NVIDIA / gpu-operator

NVIDIA GPU Operator creates, configures, and manages GPUs in Kubernetes
https://docs.nvidia.com/datacenter/cloud-native/gpu-operator/latest/index.html
Apache License 2.0
1.88k stars 305 forks source link

Nvidia-driver always installing the driver when the pod restarts #831

Open uselessidbr opened 4 months ago

uselessidbr commented 4 months ago

The template below is mostly useful for bug reports and support questions. Feel free to remove anything which doesn't apply to you and add more information where it makes sense.

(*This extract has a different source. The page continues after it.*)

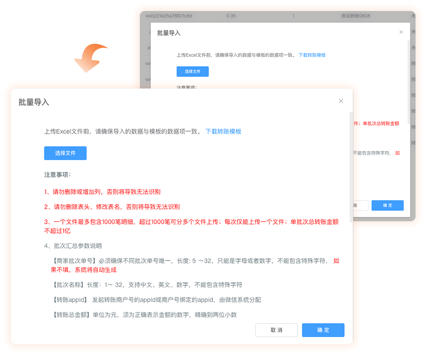 ◆ 门店后台应用页面增加批量打款功能,支持微信官方打款模板

Important Note: NVIDIA AI Enterprise customers can get support from NVIDIA Enterprise support. Please open a case here.

1. Quick Debug Information

2. Issue or feature description

Briefly explain the issue in terms of expected behavior and current behavior. Every time the pod nvidia-driver-daemonset restarts it install the driver over again even when the modules are loaded

3. Steps to reproduce the issue

Detailed steps to reproduce the issue. Just kill the “nvidia-driver-daemonset” pod and it will trigger the driver reinstall

4. Information to attach (optional if deemed irrelevant)

+-----------------------------------------------------------------------------------------+ | Processes: | | GPU GI CI PID Type Process name GPU Memory | | ID ID Usage | |=========================================================================================| | 0 N/A N/A 2087110 C python3 7112MiB | | 0 N/A N/A 2088265 C python3 7112MiB | +-----------------------------------------------------------------------------------------+`

Collecting full debug bundle (optional):

curl -o must-gather.sh -L https://raw.githubusercontent.com/NVIDIA/gpu-operator/master/hack/must-gather.sh 
chmod +x must-gather.sh
./must-gather.sh

NOTE: please refer to the must-gather script for debug data collected.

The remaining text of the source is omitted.